WHAT THE TASK ASKS ▸ Output the lines of the entries below beginning at the one with "This stunning floral" and ending with the last, exactly as written and without pictures.

SOURCE RECORDS ▸
>>>>
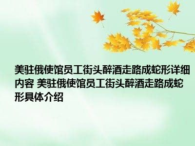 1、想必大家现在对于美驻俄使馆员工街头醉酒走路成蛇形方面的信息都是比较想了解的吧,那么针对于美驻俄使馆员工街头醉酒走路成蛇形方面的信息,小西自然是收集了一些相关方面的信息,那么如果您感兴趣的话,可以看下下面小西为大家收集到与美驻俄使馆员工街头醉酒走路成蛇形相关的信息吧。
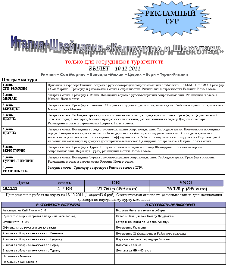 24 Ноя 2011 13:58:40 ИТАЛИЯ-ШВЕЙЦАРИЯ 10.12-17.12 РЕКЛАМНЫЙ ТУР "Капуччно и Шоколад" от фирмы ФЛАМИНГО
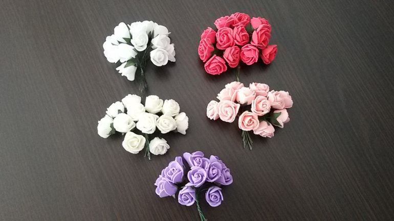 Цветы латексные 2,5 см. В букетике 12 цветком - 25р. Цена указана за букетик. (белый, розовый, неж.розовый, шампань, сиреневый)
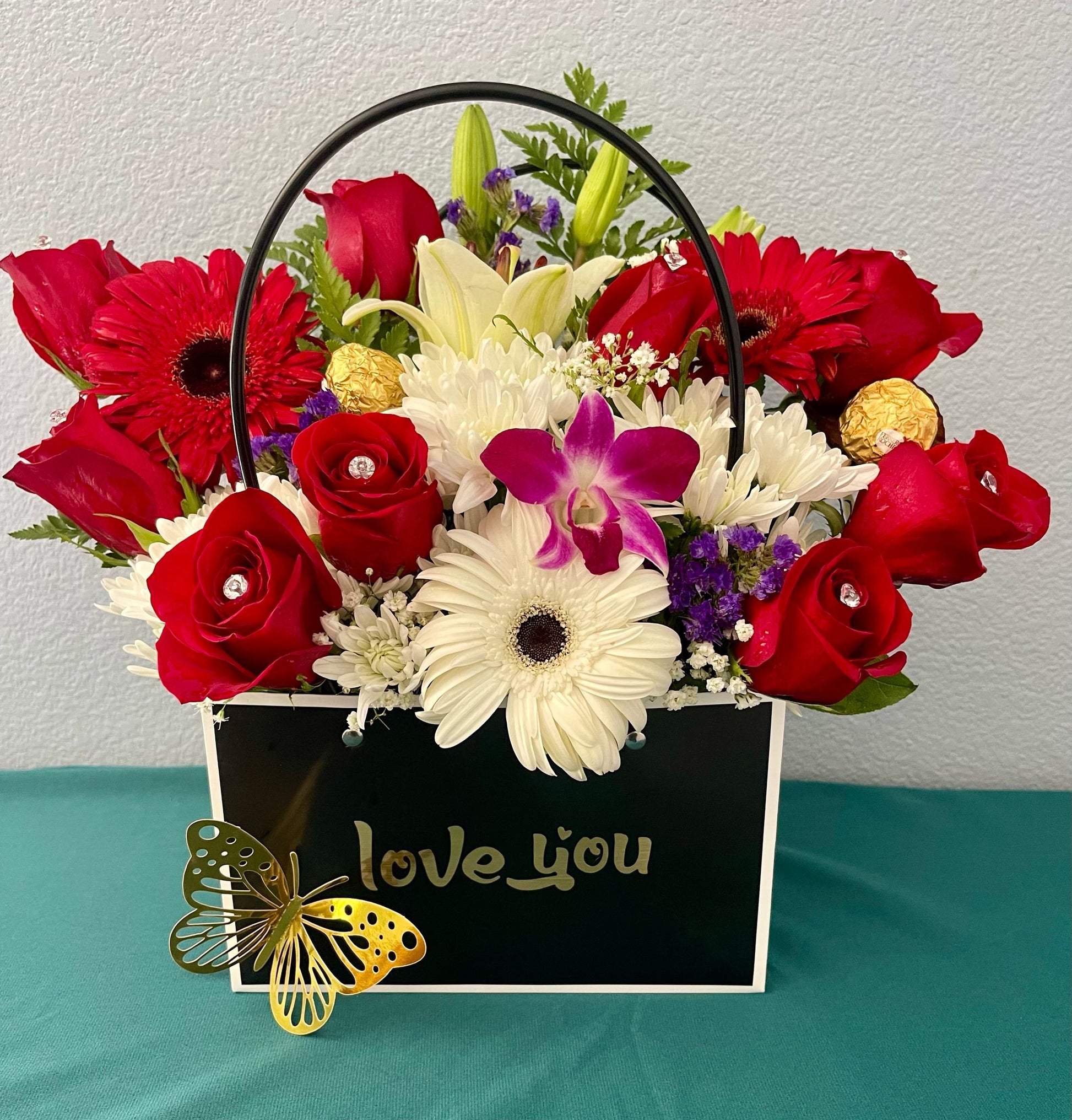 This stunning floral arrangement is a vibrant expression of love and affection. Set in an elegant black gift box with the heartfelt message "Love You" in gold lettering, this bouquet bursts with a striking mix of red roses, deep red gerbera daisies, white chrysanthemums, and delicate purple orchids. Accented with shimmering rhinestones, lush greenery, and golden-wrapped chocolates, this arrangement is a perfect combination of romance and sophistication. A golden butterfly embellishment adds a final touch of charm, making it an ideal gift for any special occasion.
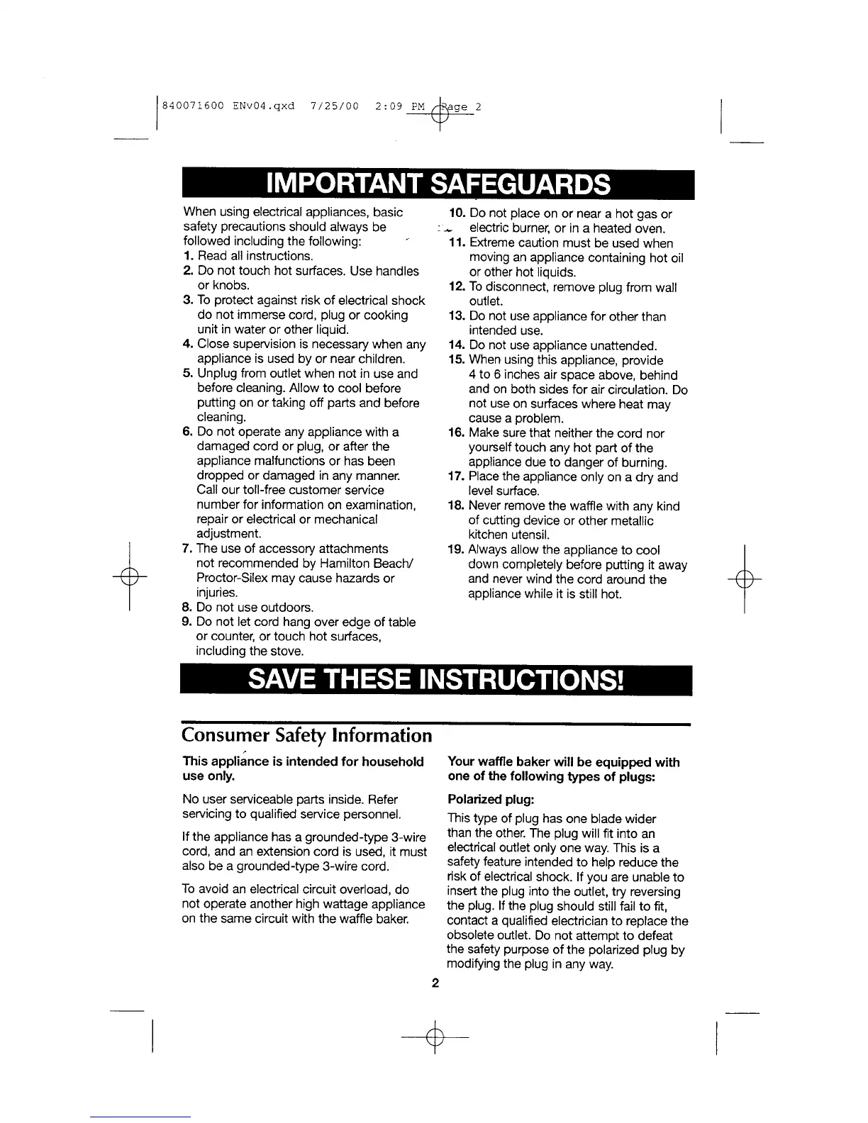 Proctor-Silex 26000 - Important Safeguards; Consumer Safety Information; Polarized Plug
<<<<
ANSWER SECTION ▸
 This stunning floral arrangement is a vibrant expression of love and affection. Set in an elegant black gift box with the heartfelt message "Love You" in gold lettering, this bouquet bursts with a striking mix of red roses, deep red gerbera daisies, white chrysanthemums, and delicate purple orchids. Accented with shimmering rhinestones, lush greenery, and golden-wrapped chocolates, this arrangement is a perfect combination of romance and sophistication. A golden butterfly embellishment adds a final touch of charm, making it an ideal gift for any special occasion.
 Proctor-Silex 26000 - Important Safeguards; Consumer Safety Information; Polarized Plug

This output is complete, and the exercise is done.